Anatomie: In 3D durch das Gehirn reisen

Ein neuer Hirnatlas ist 50 Mal genauer als sein Vorgänger. Er soll helfen, das Nervensystem im Computer komplett nachzubauen.

Ein neuer dreidimensionaler Gehirn-Atlas zeigt die menschliche Schaltzentrale 50-mal genauer als alle Vorgänger. Neurowissenschaftler vom Forschungszentrum Jülich, der Universität Düsseldorf und der McGill-Universität in Montreal haben dafür das Hirn einer 65-jährigen Toten in über 7400 haarfeine Scheiben geschnitten. Wie sie im Fachblatt „Science“ schreiben, haben sie die Gewebeschnitte in Jülich gescannt und anschließend dreidimensional an Großrechnern rekonstruiert. Das Modell erlaubt nun die bislang tiefsten Einblicke ins Gehirn – mit einer Auflösung von 20 mal 20 mal 20 Mikrometern. „Manche Nervenzellen sind zwar noch etwas unscharf, aber wir sehen, wie dicht sie liegen und wie sie verteilt sind. Bis in den letzten Winkel“, sagte Projektleiterin Katrin Amunts, die in Jülich und Düsseldorf arbeitet. Auf den älteren Gehirn-Atlanten habe man bisher Kontinente, Länder und Städte erkannt: „Jetzt können wir in die einzelnen Straßen gucken.“

Das Hirnmodell sei vor allem ein Arbeitsinstrument. „Es ist ein Gerüst“, sagte der Neurologe Alan Evans von der McGill-Universität. Später könne das Modell mithilfe spezieller Softwaretools um molekulare Daten, genetische Informationen oder um Verbindungen zwischen den Hirnarealen ergänzt werden. Das werde auch die Arbeit am europäischen Flaggschiffprojekt „Human Brain Project“ erleichtern, an dem auch Jülicher Neurowissenschaftler und Informatiker beteiligt sind. Innerhalb der nächsten zehn Jahre wollen Experten aus mehr als 80 wissenschaftlichen Einrichtungen in 23 Ländern das menschliche Gehirn von der molekularen Ebene bis hin zum Zusammenwirken ganzer Hirnregionen auf einem Supercomputer simulieren.
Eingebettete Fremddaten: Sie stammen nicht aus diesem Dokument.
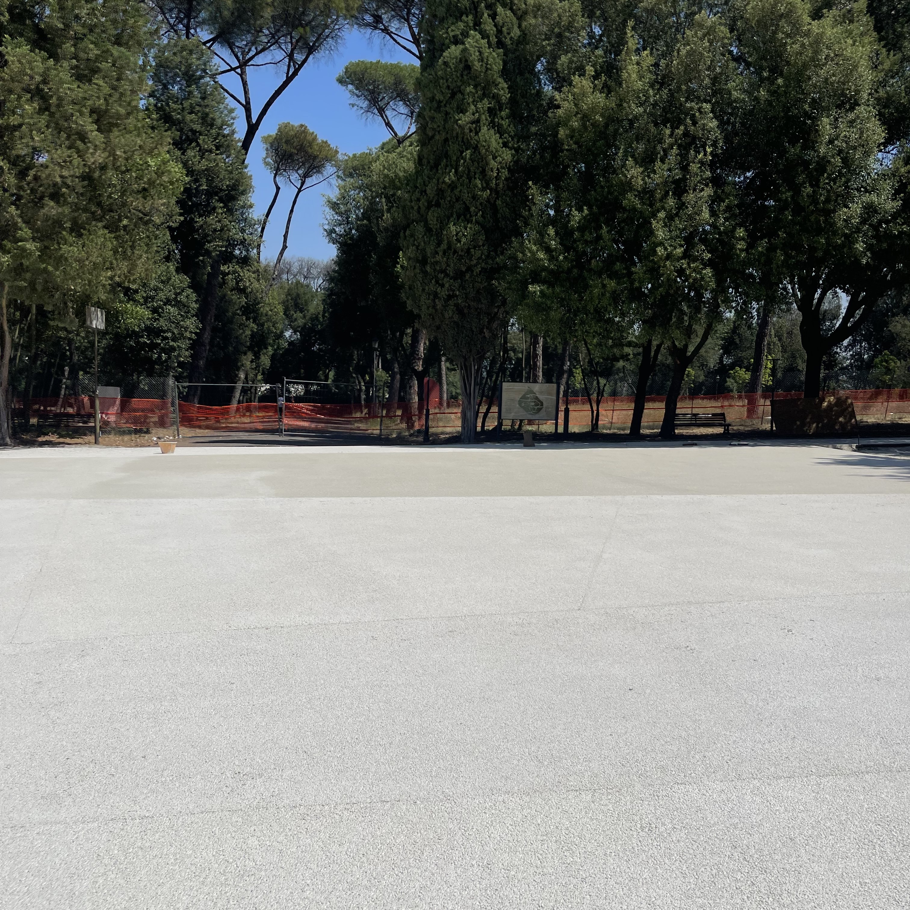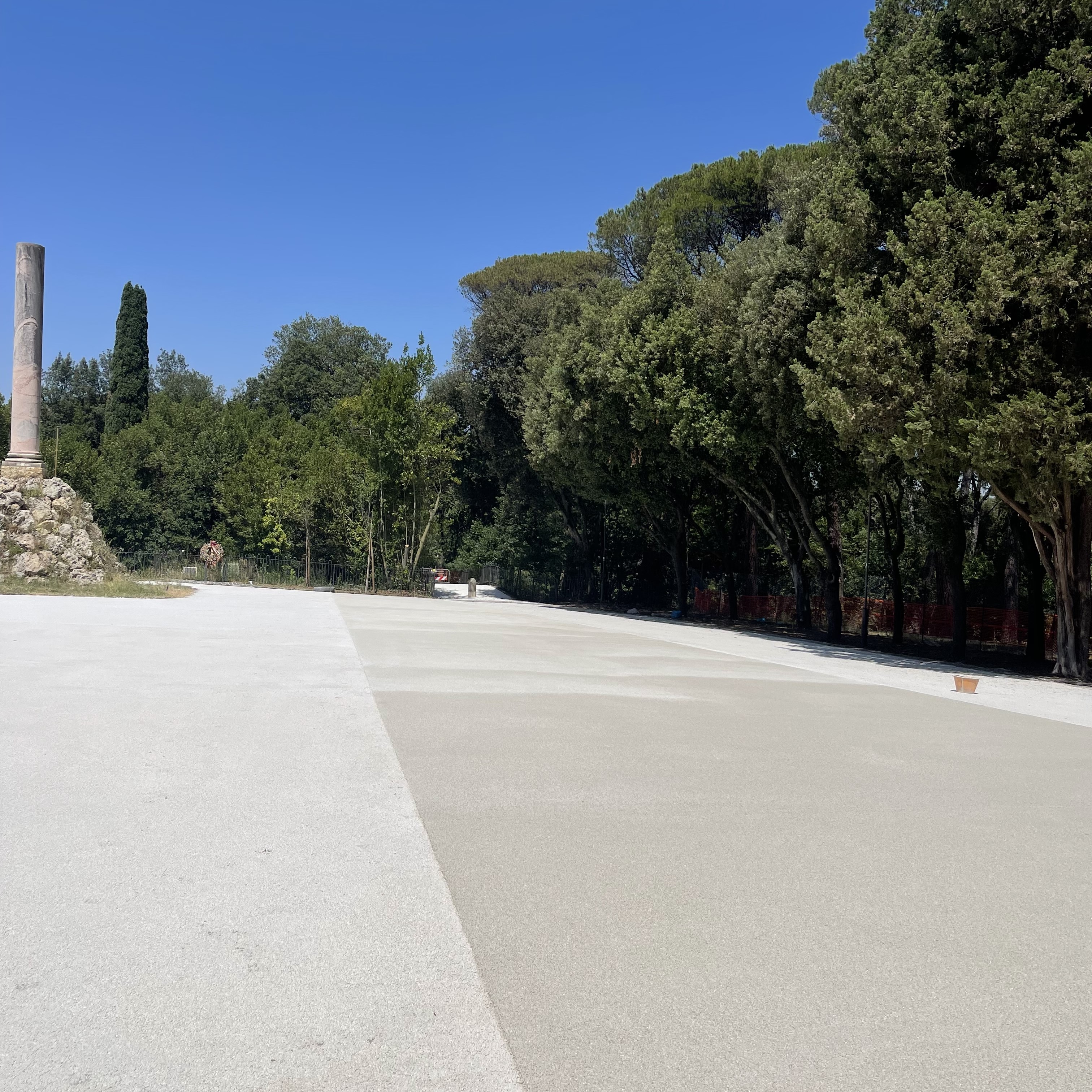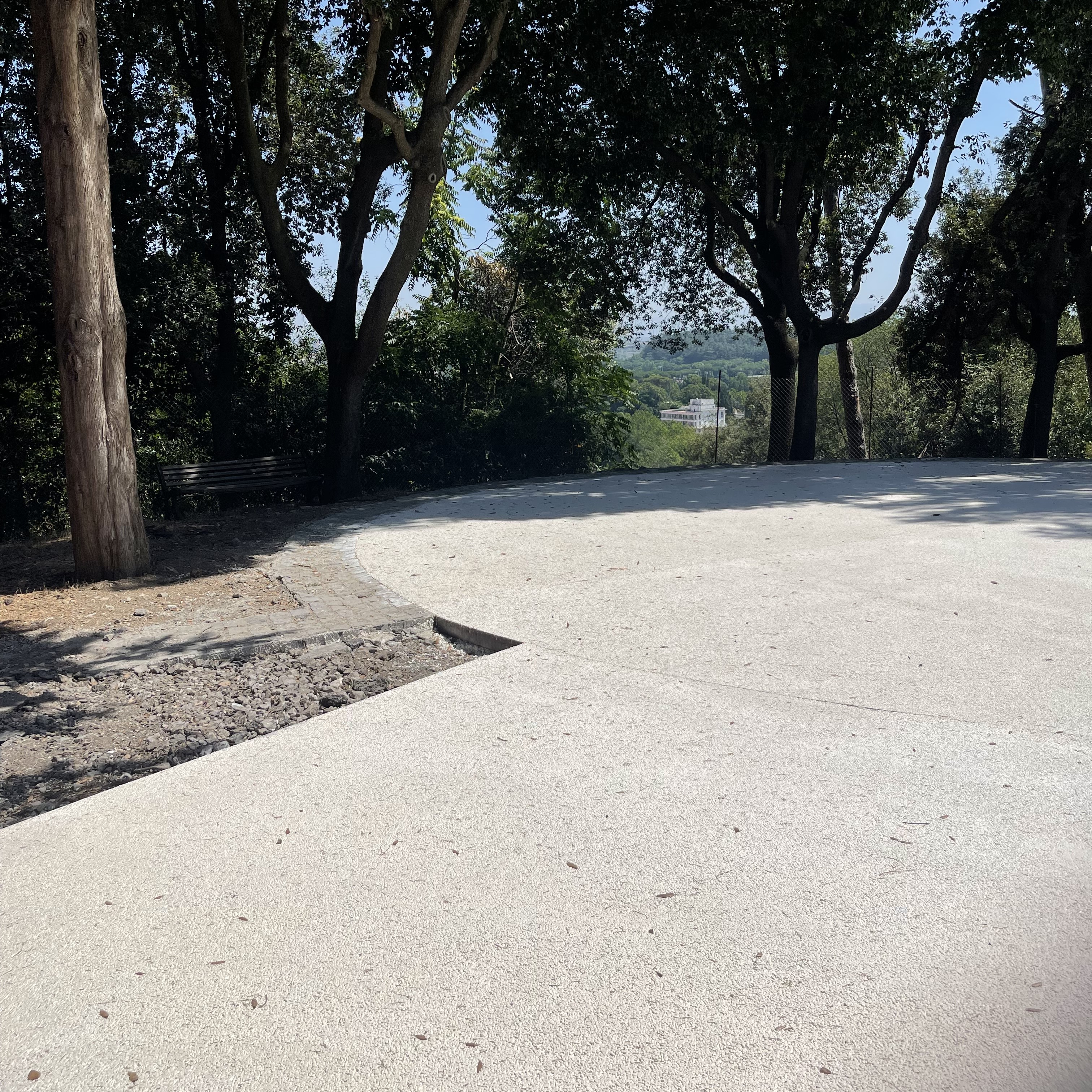 Sono stati rimossi gli strati di asfalto deteriorato e sostituiti con una pavimentazione più coerente sotto il profilo paesaggistico e ambientale. La scelta è ricaduta su i.idro DRAIN BIANCO, un calcestruzzo drenante consolidato che unisce elevate prestazioni tecniche — in termini di durabilità, accessibilità e gestione delle acque meteoriche — a una finitura visiva capace di richiamare, senza replicarne le criticità, la texture della ghiaia storica. In linea con la Strategia di Adattamento Climatico di Roma Capitale, la nuova pavimentazione garantisce un’elevata capacità drenante e un’alta riflettanza solare, contribuendo in modo concreto alla mitigazione dell’isola di calore e all’evapotraspirazione del suolo”. Anche dal punto di vista estetico, il materiale si integra armoniosamente nel paesaggio: il suo colore chiaro si amalgama nel tempo con aghi di pino, foglie e sedimenti naturali, assicurando uniformità cromatica, durabilità e una significativa riduzione degli oneri manutentivi.

Unabhängig davon lieferte der Hirnatlas bereits jetzt neue Erkenntnisse. Die Forscher entdeckten, dass die Nervenzellen je nach Funktion speziell arrangiert sind. „Die Verteilung hängt damit zusammen, ob ein Areal Bewegung steuert, Töne oder Lichtsignale verarbeitet“, sagte Amunts. Die Darstellung der Zellarchitektur soll helfen, zum Beispiel Kognition, Sprache oder Emotionen bei Gesunden und Kranken besser zu verstehen.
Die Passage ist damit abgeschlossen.